WITH RECURSIVE grps AS
(
SELECT 1 AS Horizon, (date '2015-08-15') + interval '1' day AS FromDate, (date '2015-08-15') + interval '1' year AS ToDate
UNION ALL
SELECT Horizon + 1, ToDate + interval '1' day AS FromDate, ToDate + interval '1' year
FROM grps WHERE Horizon < 5
)
SELECT
Horizon,
(SELECT SUM(amount) FROM dataset WHERE date BETWEEN g.FromDate AND g.ToDate) AS SumOfAmount
FROM
grps g
SQL fiddle
Rather simply:
SELECT horizon, sum(amount) AS amount
FROM generate_series(1, 5) AS s(horizon)
JOIN dataset ON "date" >= current_date + (horizon - 1) * interval '1 year'
AND "date" < current_date + horizon * interval '1 year'
GROUP BY horizon
ORDER BY horizon;
You need a union and an aggregate function:
select 1 as horizon,
sum(amount) amount
from the_table
where date >= current_date
and date < current_date + interval '12' month
union all
select 2 as horizon,
sum(amount) amount
where date >= current_date + interval '12' month
and date < current_date + interval '24' month
union all
select 3 as horizon,
sum(amount) amount
where date >= current_date + interval '24' month
and date < current_date + interval '36' month
... and so on ...
But I don't know, how to do that with an obfuscation layer (aka ORM) but I'm sure it supports (or it should) aggregation and unions.
This could easily be wrapped up into a PL/PgSQL function where you pass the "horizon" and the SQL is built dynamically so that all you need to call is something like: select * from sum_horizon(5) where 5 indicates the number of years.
Btw: date is a horrible name for a column. For one because it's a reserved word, but more importantly because it doesn't document the meaning of the column.
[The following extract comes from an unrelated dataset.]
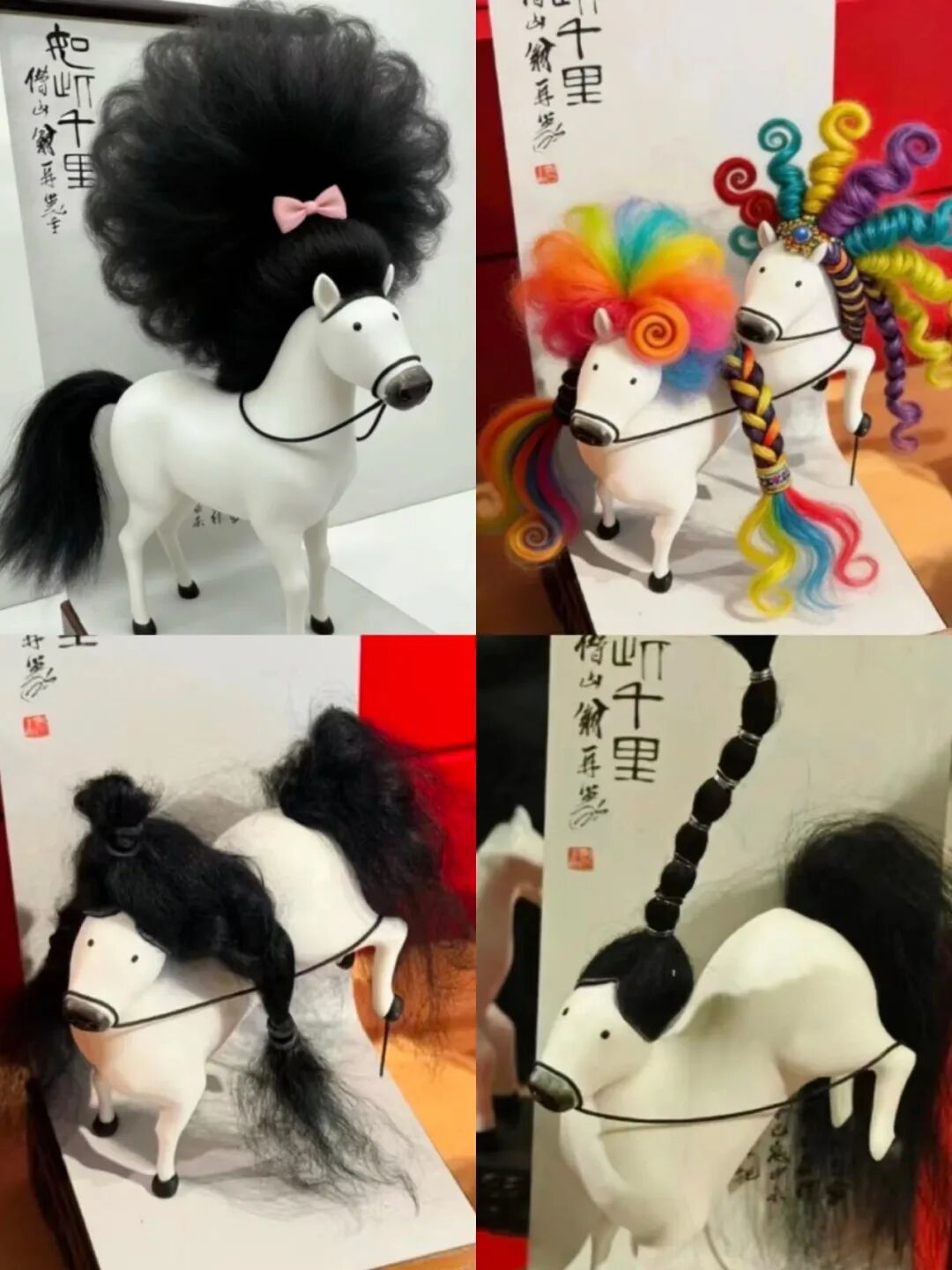 同样走红的还有“潦草小马”。这款玩偶拥有与齐白石晚年奔马图《如此千里》相似的不羁线条,加上一头用仿真毛发制成的蓬乱“秀发”,迅速俘获了年轻消费者的心。

Is it a "release date"? A "due date"? An "order date"?
Try this
select
id,
sum(case when date>=current_date and date<current_date+interval 1 year then amount else 0 end) as year1,
sum(case when date>=current_date+interval 1 year and date<current_date+interval 2 year then amount else 0 end) as year2,
sum(case when date>=current_date+interval 2 year and date<current_date+interval 3 year then amount else 0 end) as year3,
sum(case when date>=current_date+interval 3 year and date<current_date+interval 4 year then amount else 0 end) as year4,
sum(case when date>=current_date+interval 4 year and date<current_date+interval 5 year then amount else 0 end) as year5
from table
group by id